Problem details:
Emit a verbatim copy of the lines below from the line with "이날 민원실에는 성남면" through the line with "Owls Stack Soccer", excluding pictures and everything outside that range.

Data section:

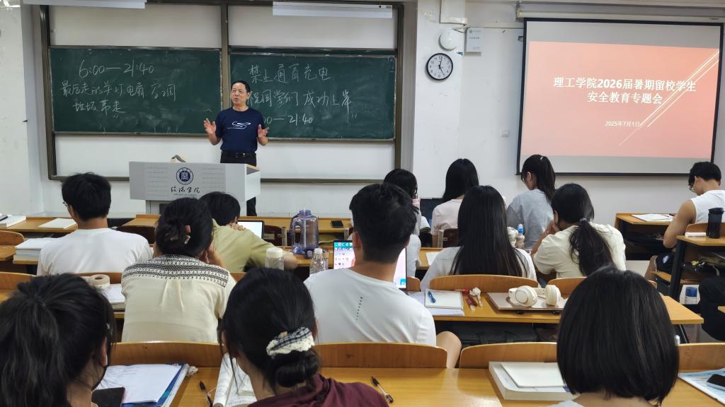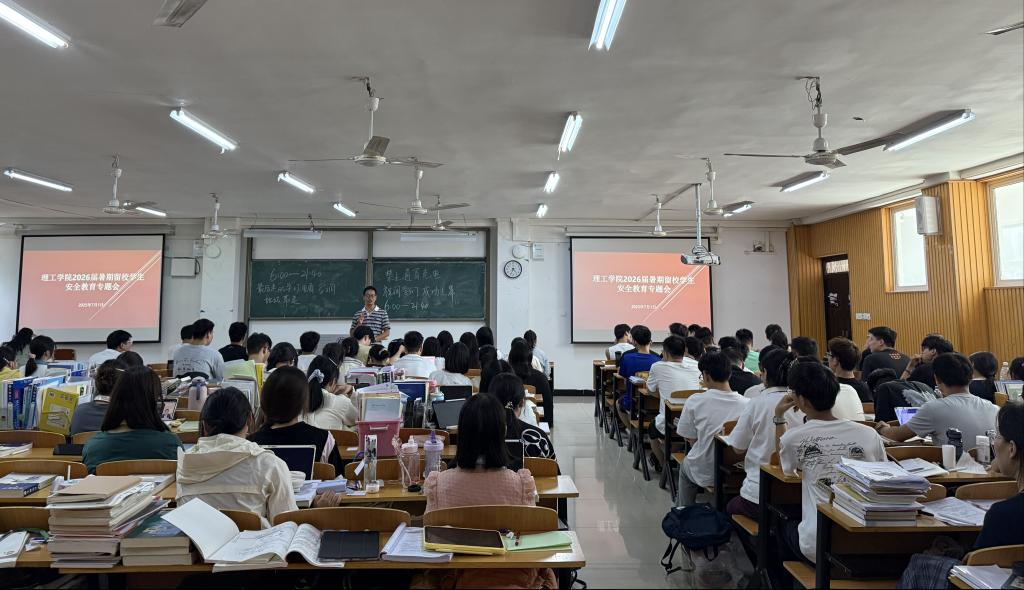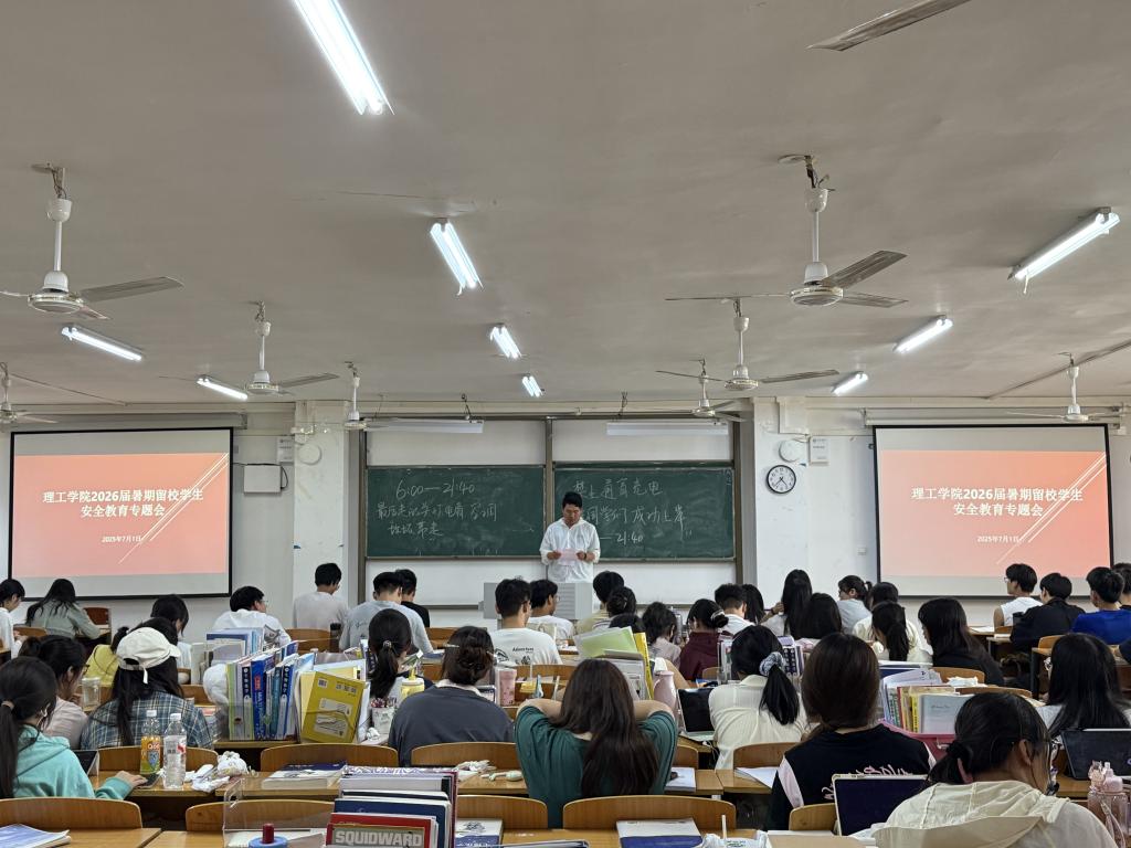 为切实保障暑期留校考研学生的安全,提高学生安全防范意识和自我保护能力,2025年7月1日下午,理工学院在人文楼408开展了一场全方位、多层次的暑期留校考研同学安全教育主题会。学院院长肖生发、党总支书记赵佳、学工秘书杨晓杰、2026届毕业班辅导员及部分暑期留校考研学生参加了本次会议。
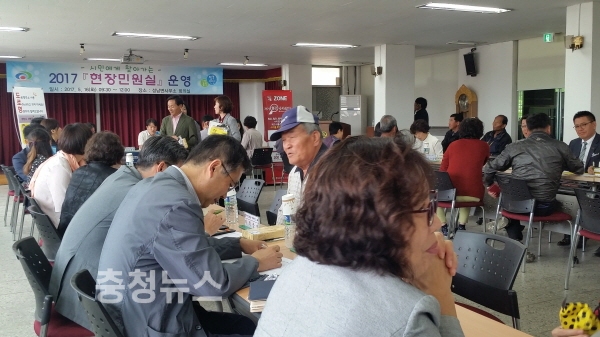 이날 민원실에는 성남면 150여명의 주민이 참여한 가운데 25명의 시청 공무원들이 총 106건의 민원을 상담하면서 지역 주민들의 뜨거운 관심과 참여가 돋보였다.
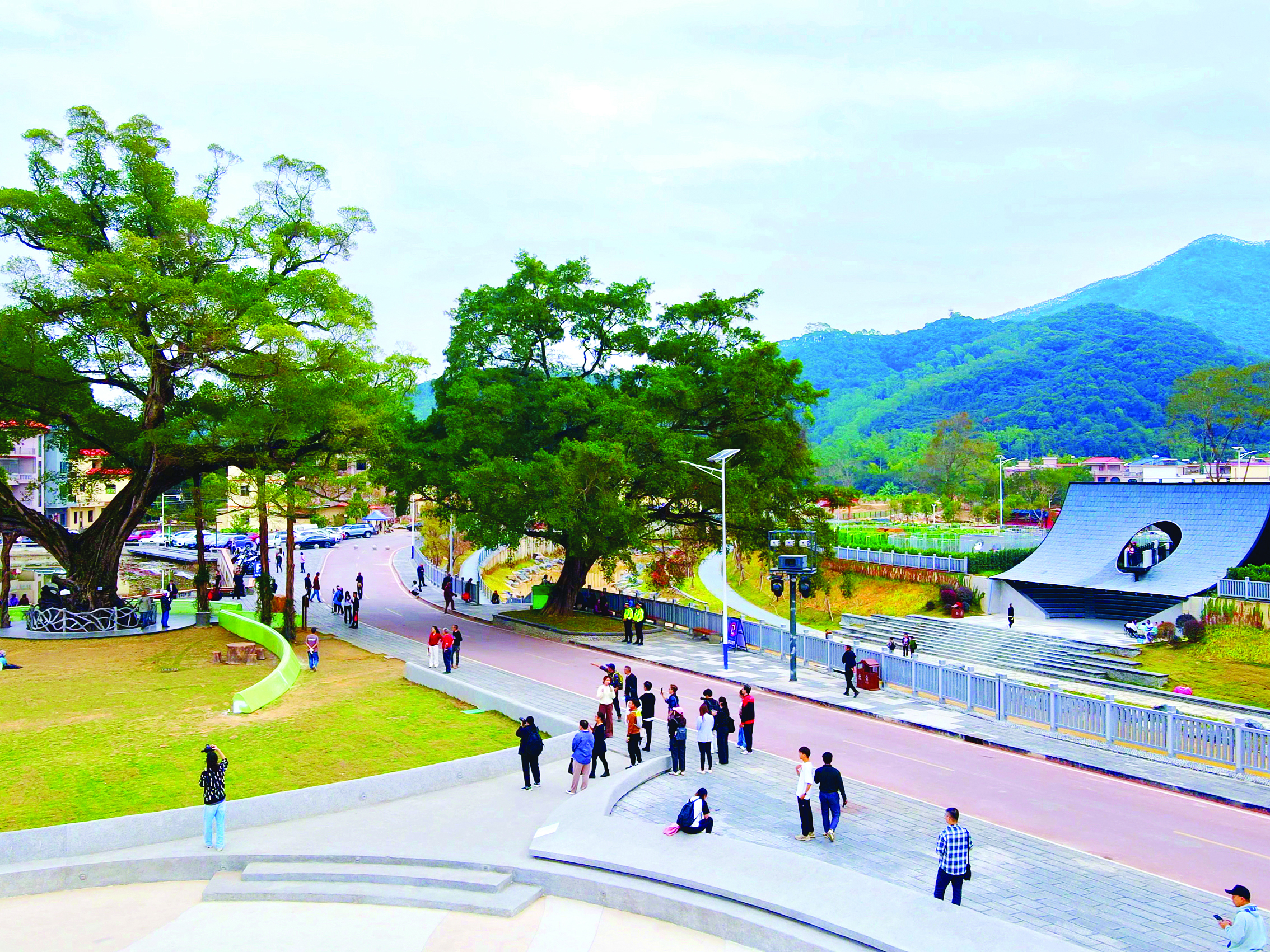 “作為龍門縣推動‘百千萬工程’的重要舉措,千年古榕驛站以‘修補與鏈接’為核心理念,將千年古榕與村落建筑有機串聯(lián),既為古樹提供更好的保護展示空間,也盤活了閑置資源。”麻榨鎮(zhèn)中心村黨總支書記、村委會主任張奇峰介紹,目前古榕文學(xué)村正著力推動“以文塑旅、以旅彰文”,讓游客從“看樹”升級為“深度體驗文化與生態(tài)融合”。
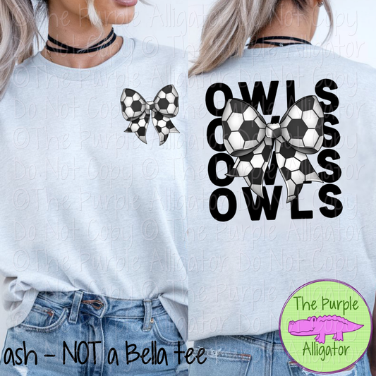Owls Stack Soccer Bow Front/Back Mascot School Spirit Wear Team Gear - CHOOSE YOUR TEXT COLOR - 0525 (d2f TPA)
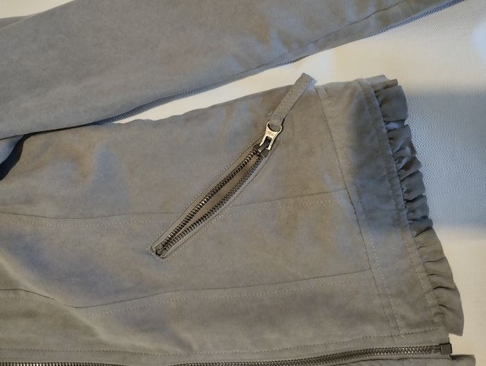 Tissu type suédine gris Fermeture éclair aux manches et aux poches, Legé à porter
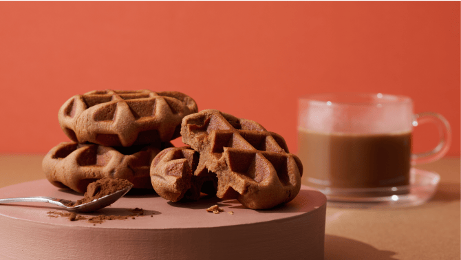 全粒粉やおからを使って焼き上げた、むぎゅっと食感のワッフルです。やさしいココア味で、甘さ控えめに仕上げました。おからベースの生地なので腹持ちがよく、小腹満たしにぴったりです。

Finished task:
 이날 민원실에는 성남면 150여명의 주민이 참여한 가운데 25명의 시청 공무원들이 총 106건의 민원을 상담하면서 지역 주민들의 뜨거운 관심과 참여가 돋보였다.
 “作為龍門縣推動‘百千萬工程’的重要舉措,千年古榕驛站以‘修補與鏈接’為核心理念,將千年古榕與村落建筑有機串聯(lián),既為古樹提供更好的保護展示空間,也盤活了閑置資源。”麻榨鎮(zhèn)中心村黨總支書記、村委會主任張奇峰介紹,目前古榕文學(xué)村正著力推動“以文塑旅、以旅彰文”,讓游客從“看樹”升級為“深度體驗文化與生態(tài)融合”。
Owls Stack Soccer Bow Front/Back Mascot School Spirit Wear Team Gear - CHOOSE YOUR TEXT COLOR - 0525 (d2f TPA)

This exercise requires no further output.